▶ _Data shown_:
[Start of Attachment]
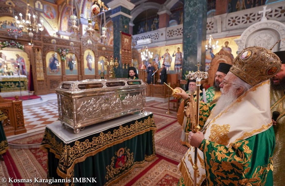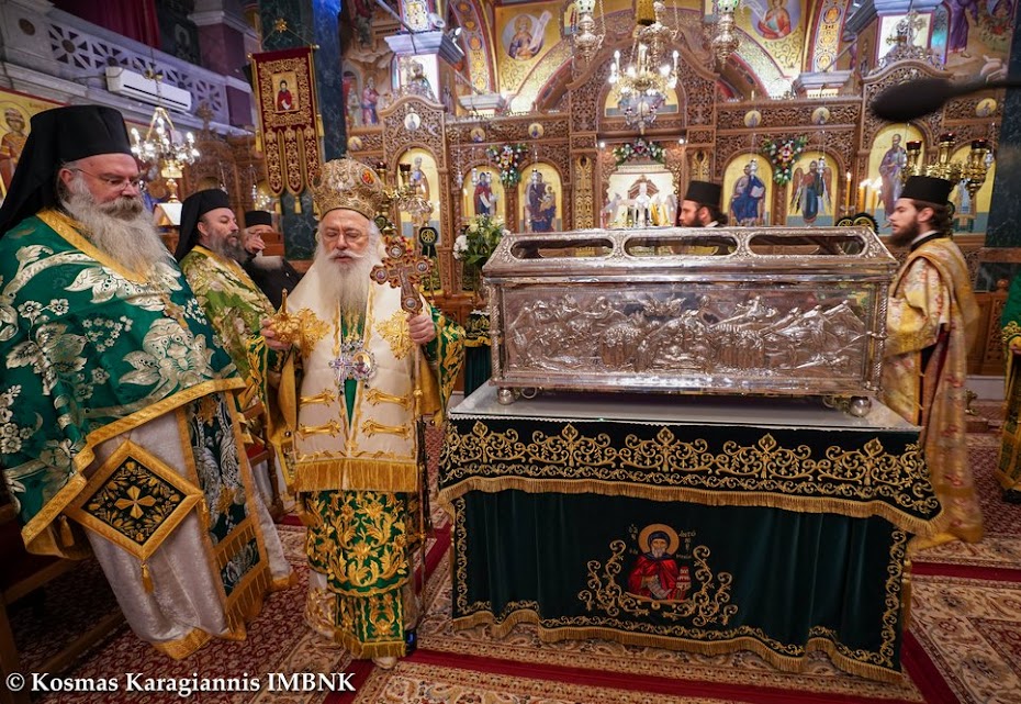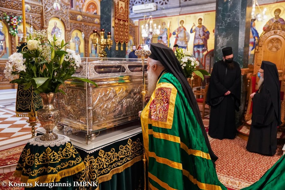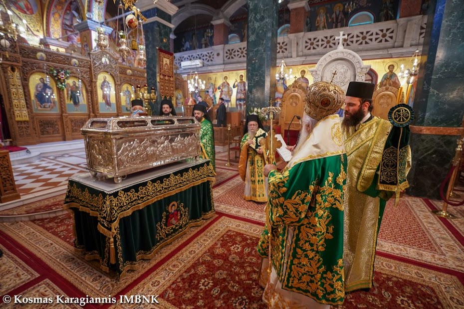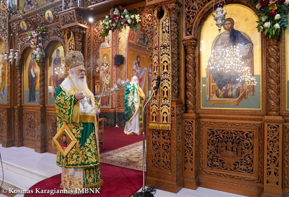 Τόν τιμοῦμε καί τοῦ ἐκφράζουμε τήν εὐγνωμοσύνη μας, γιατί κατά τή διάρκεια ὅλων αὐτῶν τῶν μηνῶν τῆς πανδημίας φύλαξε καί προστά­τευ­σε τήν πόλη μας ἀπό με­γαλύτερα δεινά καί ἀπό περισ­σό­τερη ὀδύνη καί μᾶς ἀξίωσε νά τόν τιμήσουμε καί σήμερα, τηρώντας τά ὑγειονομικά μέτρα γιά τήν ἀπο­φυγή τῆς δια­σπο­ρᾶς τοῦ κορω­νοϊοῦ καί τῶν συνε­πειῶν της.
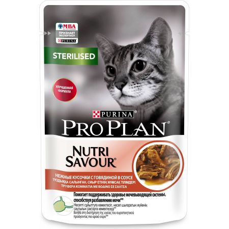 Влажный корм для взрослых стерилизованных кошек и кастрированных котов Pro Plan Nutri Savour с «Говядиной в соусе», 85 г.
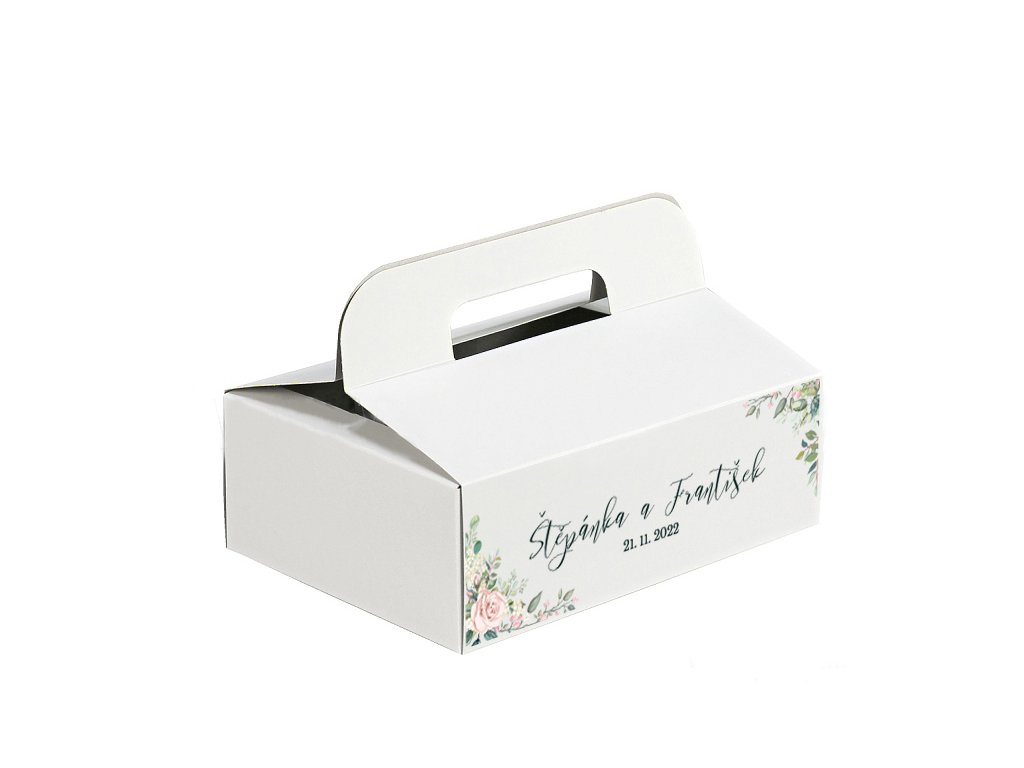Svatební krabička s uchem a jemným květinovým motivem, jmény novomanželů a datem svatby je elegantním a praktickým doplňkem svatební tabule. Krásně poslouží jako poděkování svatebním hostům i jako milá památka na váš velký den.
[End of Attachment]
▶ _Assignment_:
Give back an exact copy of the material above, omitting the pictures.

▶ _The answer_:
 Τόν τιμοῦμε καί τοῦ ἐκφράζουμε τήν εὐγνωμοσύνη μας, γιατί κατά τή διάρκεια ὅλων αὐτῶν τῶν μηνῶν τῆς πανδημίας φύλαξε καί προστά­τευ­σε τήν πόλη μας ἀπό με­γαλύτερα δεινά καί ἀπό περισ­σό­τερη ὀδύνη καί μᾶς ἀξίωσε νά τόν τιμήσουμε καί σήμερα, τηρώντας τά ὑγειονομικά μέτρα γιά τήν ἀπο­φυγή τῆς δια­σπο­ρᾶς τοῦ κορω­νοϊοῦ καί τῶν συνε­πειῶν της.
 Влажный корм для взрослых стерилизованных кошек и кастрированных котов Pro Plan Nutri Savour с «Говядиной в соусе», 85 г.
Svatební krabička s uchem a jemným květinovým motivem, jmény novomanželů a datem svatby je elegantním a praktickým doplňkem svatební tabule. Krásně poslouží jako poděkování svatebním hostům i jako milá památka na váš velký den.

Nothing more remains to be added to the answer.